**Assignment**. Set down each line of the data exactly, but not the pictures.

[Supplied information — start]

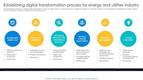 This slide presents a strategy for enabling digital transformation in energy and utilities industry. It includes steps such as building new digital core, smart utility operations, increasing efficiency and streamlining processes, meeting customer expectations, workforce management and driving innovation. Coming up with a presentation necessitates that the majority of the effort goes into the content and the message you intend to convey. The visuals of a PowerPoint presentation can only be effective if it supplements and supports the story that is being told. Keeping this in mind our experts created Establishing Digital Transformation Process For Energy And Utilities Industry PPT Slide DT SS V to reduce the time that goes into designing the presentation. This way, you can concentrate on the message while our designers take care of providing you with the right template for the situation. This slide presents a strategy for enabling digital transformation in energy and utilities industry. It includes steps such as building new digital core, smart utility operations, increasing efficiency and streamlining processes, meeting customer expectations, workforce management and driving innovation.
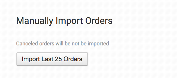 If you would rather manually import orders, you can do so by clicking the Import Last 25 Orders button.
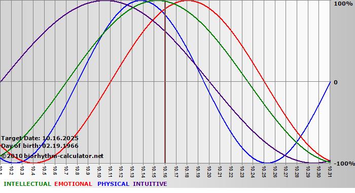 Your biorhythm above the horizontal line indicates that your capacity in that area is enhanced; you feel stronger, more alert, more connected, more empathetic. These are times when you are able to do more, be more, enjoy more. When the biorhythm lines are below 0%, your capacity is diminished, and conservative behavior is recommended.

[Supplied information — finish]

**Problem solution**.
 This slide presents a strategy for enabling digital transformation in energy and utilities industry. It includes steps such as building new digital core, smart utility operations, increasing efficiency and streamlining processes, meeting customer expectations, workforce management and driving innovation. Coming up with a presentation necessitates that the majority of the effort goes into the content and the message you intend to convey. The visuals of a PowerPoint presentation can only be effective if it supplements and supports the story that is being told. Keeping this in mind our experts created Establishing Digital Transformation Process For Energy And Utilities Industry PPT Slide DT SS V to reduce the time that goes into designing the presentation. This way, you can concentrate on the message while our designers take care of providing you with the right template for the situation. This slide presents a strategy for enabling digital transformation in energy and utilities industry. It includes steps such as building new digital core, smart utility operations, increasing efficiency and streamlining processes, meeting customer expectations, workforce management and driving innovation.
 If you would rather manually import orders, you can do so by clicking the Import Last 25 Orders button.
 Your biorhythm above the horizontal line indicates that your capacity in that area is enhanced; you feel stronger, more alert, more connected, more empathetic. These are times when you are able to do more, be more, enjoy more. When the biorhythm lines are below 0%, your capacity is diminished, and conservative behavior is recommended.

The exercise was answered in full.